## [Aim of the exercise]
Starting at the line that holds "تتميز هذه الجلابية", quote every line through the end of the records, both boundary lines included. Omit the pictures.

╭─ Records

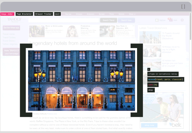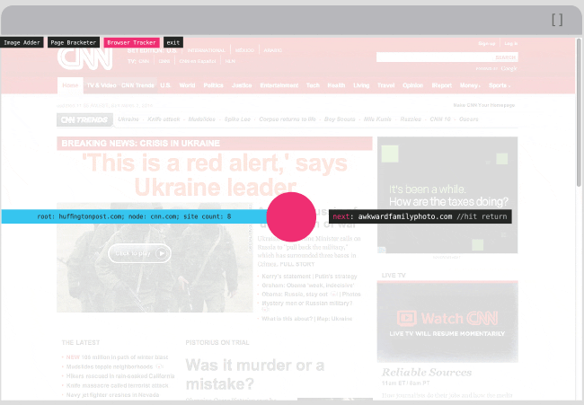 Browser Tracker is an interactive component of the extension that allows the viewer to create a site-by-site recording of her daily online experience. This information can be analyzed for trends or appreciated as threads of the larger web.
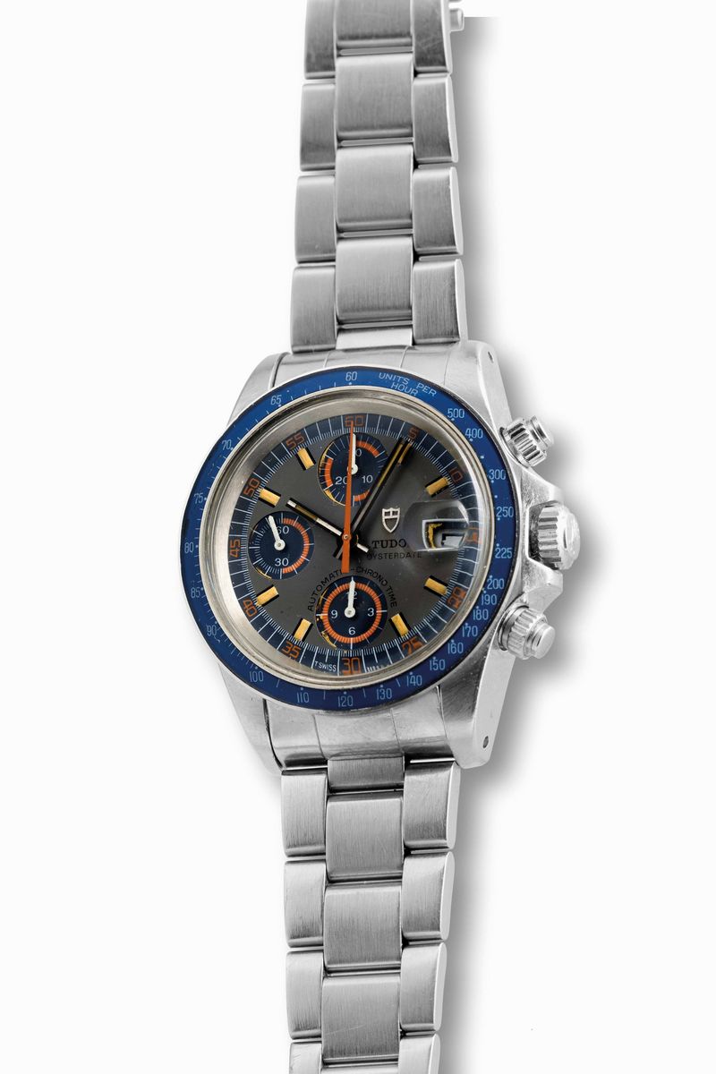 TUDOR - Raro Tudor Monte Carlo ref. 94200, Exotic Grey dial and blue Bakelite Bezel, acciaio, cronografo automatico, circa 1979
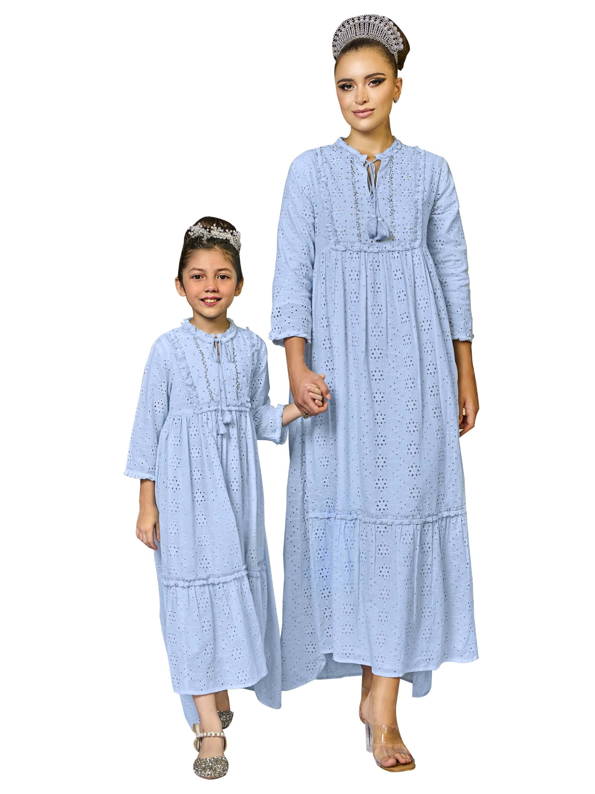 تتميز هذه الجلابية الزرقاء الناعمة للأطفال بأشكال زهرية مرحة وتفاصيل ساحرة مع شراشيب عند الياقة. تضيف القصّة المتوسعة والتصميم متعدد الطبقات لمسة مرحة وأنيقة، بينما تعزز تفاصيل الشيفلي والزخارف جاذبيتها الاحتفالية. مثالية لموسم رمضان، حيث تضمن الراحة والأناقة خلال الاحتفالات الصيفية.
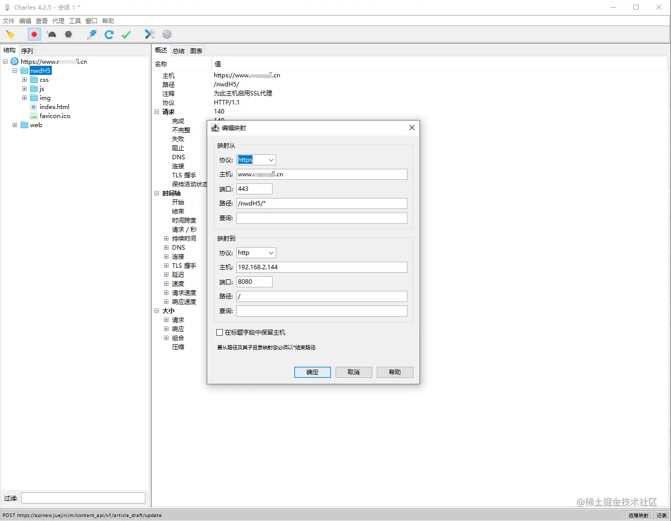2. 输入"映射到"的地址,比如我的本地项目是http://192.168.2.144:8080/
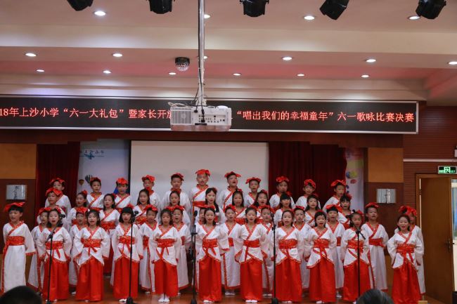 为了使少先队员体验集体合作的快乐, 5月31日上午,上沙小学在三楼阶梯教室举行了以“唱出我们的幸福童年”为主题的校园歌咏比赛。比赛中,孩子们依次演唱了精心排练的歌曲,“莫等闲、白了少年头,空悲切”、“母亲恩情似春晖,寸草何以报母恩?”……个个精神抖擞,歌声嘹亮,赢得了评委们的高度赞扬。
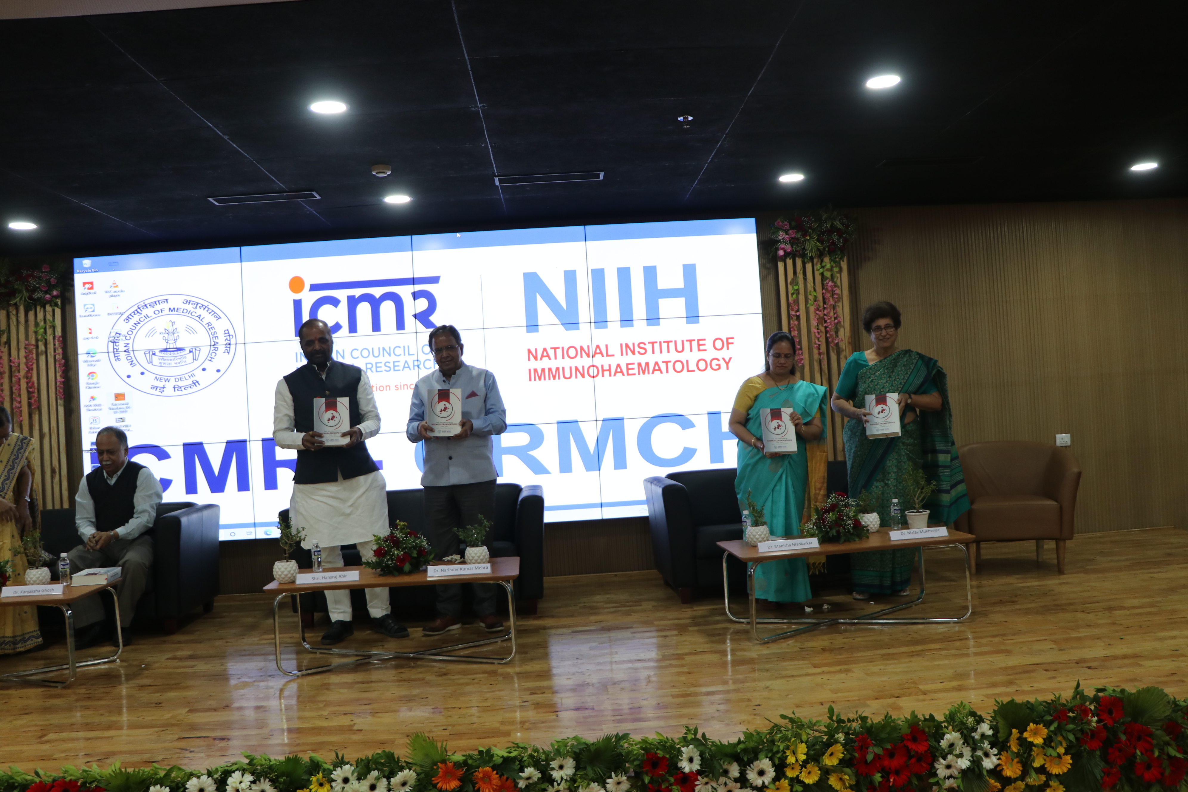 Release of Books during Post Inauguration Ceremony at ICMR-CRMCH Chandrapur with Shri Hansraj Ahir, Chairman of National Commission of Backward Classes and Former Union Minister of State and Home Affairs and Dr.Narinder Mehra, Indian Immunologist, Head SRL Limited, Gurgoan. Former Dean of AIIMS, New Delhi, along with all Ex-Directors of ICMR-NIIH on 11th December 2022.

╰─

## [Reply to the exercise]
 تتميز هذه الجلابية الزرقاء الناعمة للأطفال بأشكال زهرية مرحة وتفاصيل ساحرة مع شراشيب عند الياقة. تضيف القصّة المتوسعة والتصميم متعدد الطبقات لمسة مرحة وأنيقة، بينما تعزز تفاصيل الشيفلي والزخارف جاذبيتها الاحتفالية. مثالية لموسم رمضان، حيث تضمن الراحة والأناقة خلال الاحتفالات الصيفية.
2. 输入"映射到"的地址,比如我的本地项目是http://192.168.2.144:8080/
 为了使少先队员体验集体合作的快乐, 5月31日上午,上沙小学在三楼阶梯教室举行了以“唱出我们的幸福童年”为主题的校园歌咏比赛。比赛中,孩子们依次演唱了精心排练的歌曲,“莫等闲、白了少年头,空悲切”、“母亲恩情似春晖,寸草何以报母恩?”……个个精神抖擞,歌声嘹亮,赢得了评委们的高度赞扬。
 Release of Books during Post Inauguration Ceremony at ICMR-CRMCH Chandrapur with Shri Hansraj Ahir, Chairman of National Commission of Backward Classes and Former Union Minister of State and Home Affairs and Dr.Narinder Mehra, Indian Immunologist, Head SRL Limited, Gurgoan. Former Dean of AIIMS, New Delhi, along with all Ex-Directors of ICMR-NIIH on 11th December 2022.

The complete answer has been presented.